*Assignment*
For each entry below, write an exact copy and leave out the images.

Dataset entries:
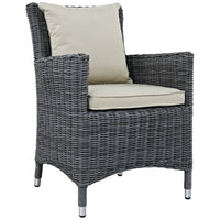 Indulge In The Ultimate Outdoor Experience With Unparalleled Comfort And Top-Notch Quality. The Summon Outdoor Patio Dining Arm Chair Is Designed To Perfection, Boasting A Stunning Two-Tone Synthetic Rattan Weave, Luxurious All-Weather Cushions Made With The Renowned Sunbrella Fabric For Uv Protection, And A Robust Powder-Coated Aluminum Frame. With Its Sleek Rounded Arms And Sophisticated Modern Design, This Armchair Is A Vital Component Of The Avant-Garde Outdoor Sectional Series, Ideal For Elevating Any Patio, Backyard, Or Poolside Gathering. This Particular Set Includes One Summon Dining Armchair.
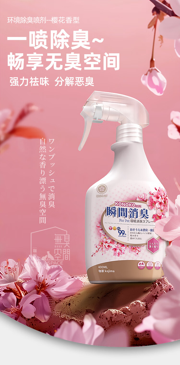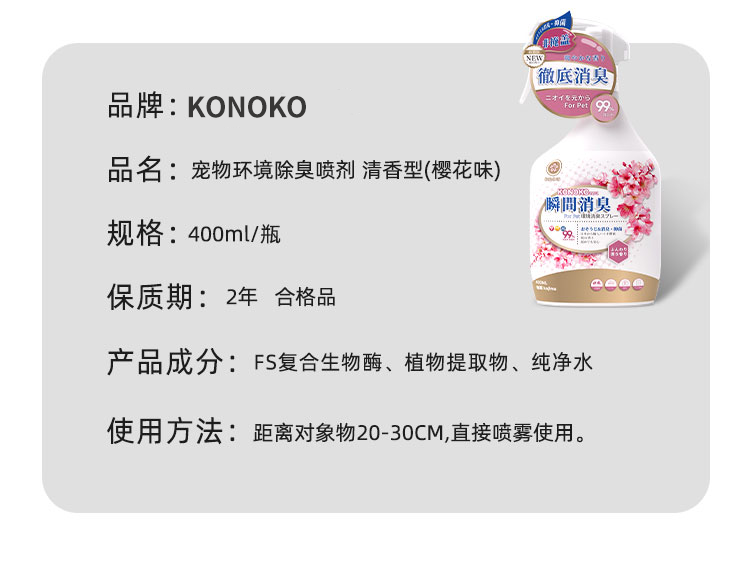 KONOKO宠物除臭剂猫咪猫砂抑菌除螨去尿味狗狗除臭喷雾臭味生物酶分解剂
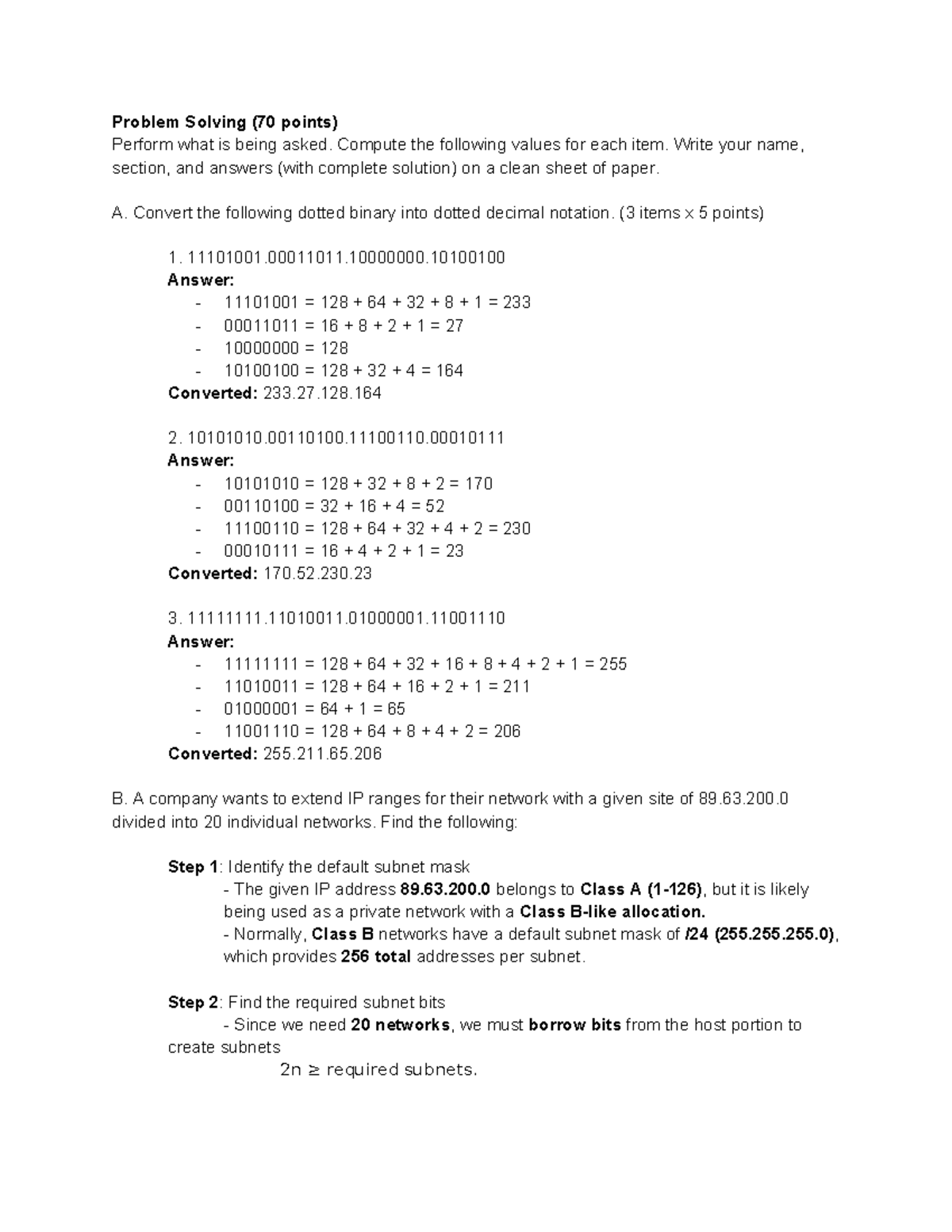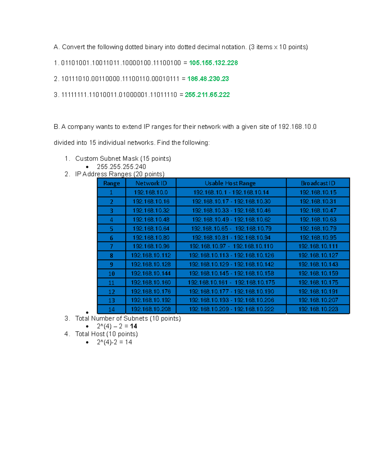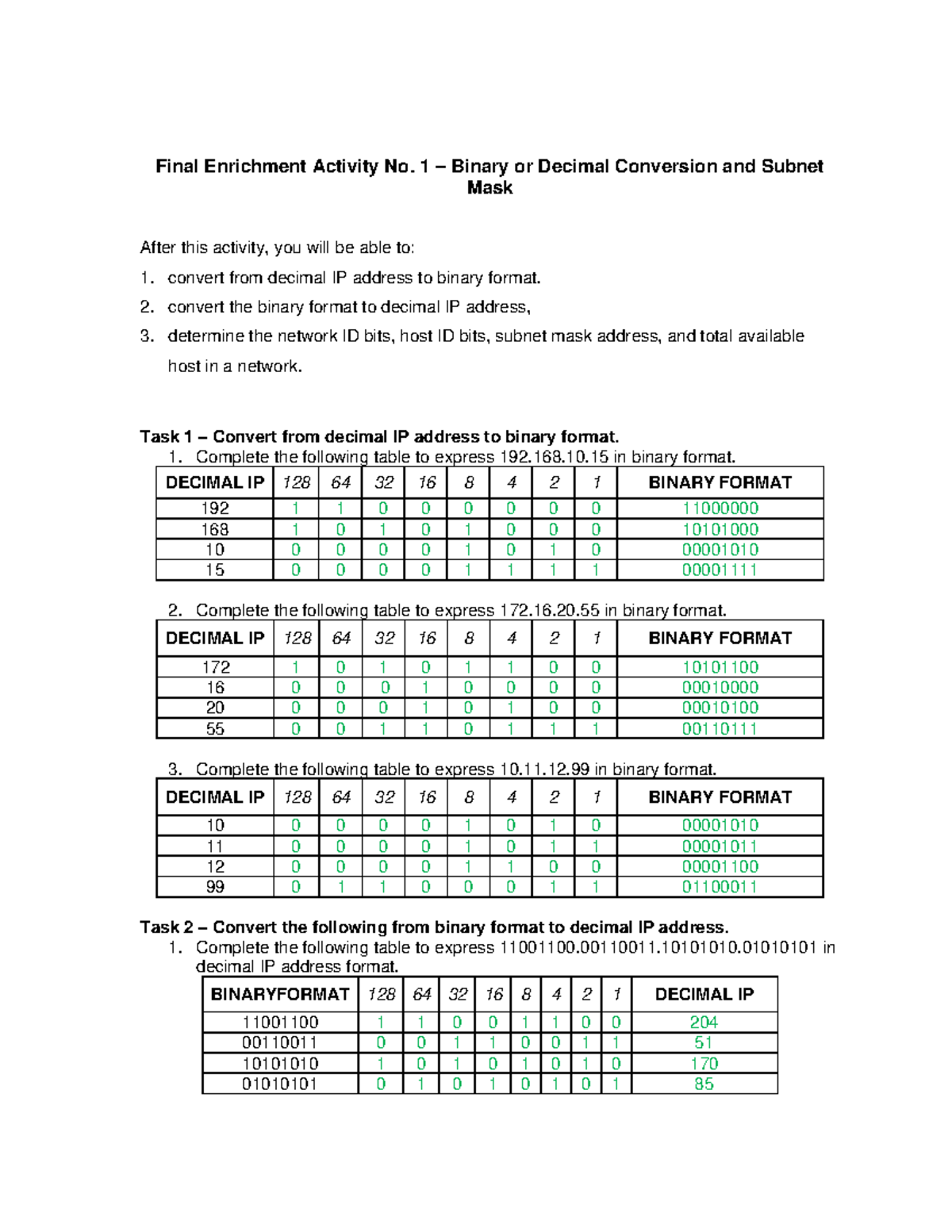 NET102Final Enrichment Activity 1-Binaryor Decimal Conversionand Subnet ...
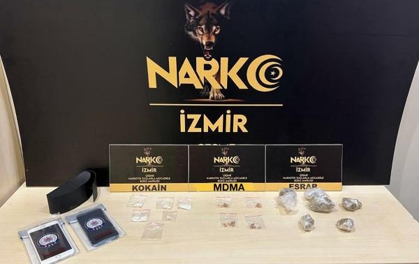 İzmir'in Çeşme ilçesinde polisin durdurduğu otomobilde 46 gram esrar, 6 gram kokain, 5 gram ecstasy uyuşturucu hapla yakalanan 2 kişi gözaltına alındı. İşlemlerinin ardından adliyeye sevk edilen şüpheliler tutuklandı.
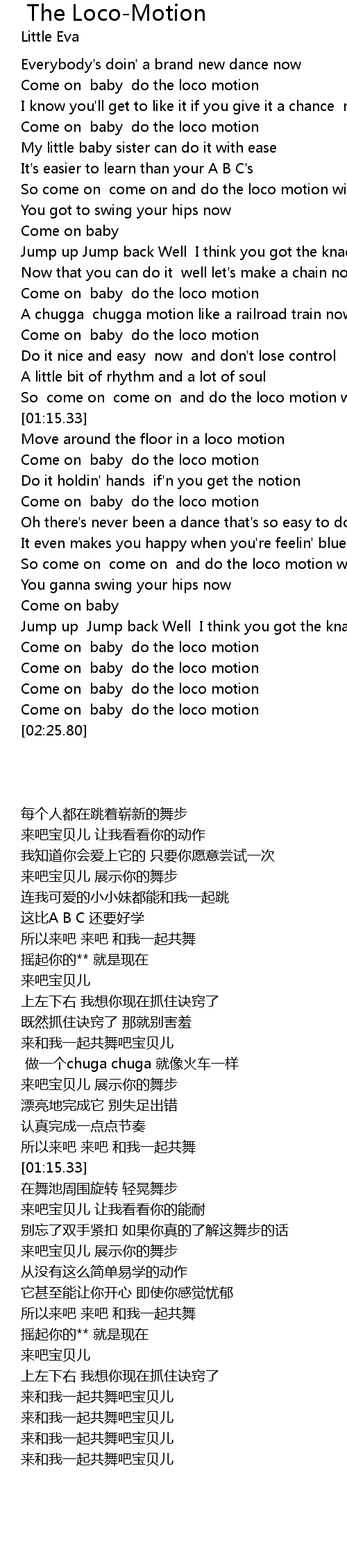 So come on come on and do the loco motion with me |

*Solution*
 Indulge In The Ultimate Outdoor Experience With Unparalleled Comfort And Top-Notch Quality. The Summon Outdoor Patio Dining Arm Chair Is Designed To Perfection, Boasting A Stunning Two-Tone Synthetic Rattan Weave, Luxurious All-Weather Cushions Made With The Renowned Sunbrella Fabric For Uv Protection, And A Robust Powder-Coated Aluminum Frame. With Its Sleek Rounded Arms And Sophisticated Modern Design, This Armchair Is A Vital Component Of The Avant-Garde Outdoor Sectional Series, Ideal For Elevating Any Patio, Backyard, Or Poolside Gathering. This Particular Set Includes One Summon Dining Armchair.
 KONOKO宠物除臭剂猫咪猫砂抑菌除螨去尿味狗狗除臭喷雾臭味生物酶分解剂
 NET102Final Enrichment Activity 1-Binaryor Decimal Conversionand Subnet ...
 İzmir'in Çeşme ilçesinde polisin durdurduğu otomobilde 46 gram esrar, 6 gram kokain, 5 gram ecstasy uyuşturucu hapla yakalanan 2 kişi gözaltına alındı. İşlemlerinin ardından adliyeye sevk edilen şüpheliler tutuklandı.
 So come on come on and do the loco motion with me |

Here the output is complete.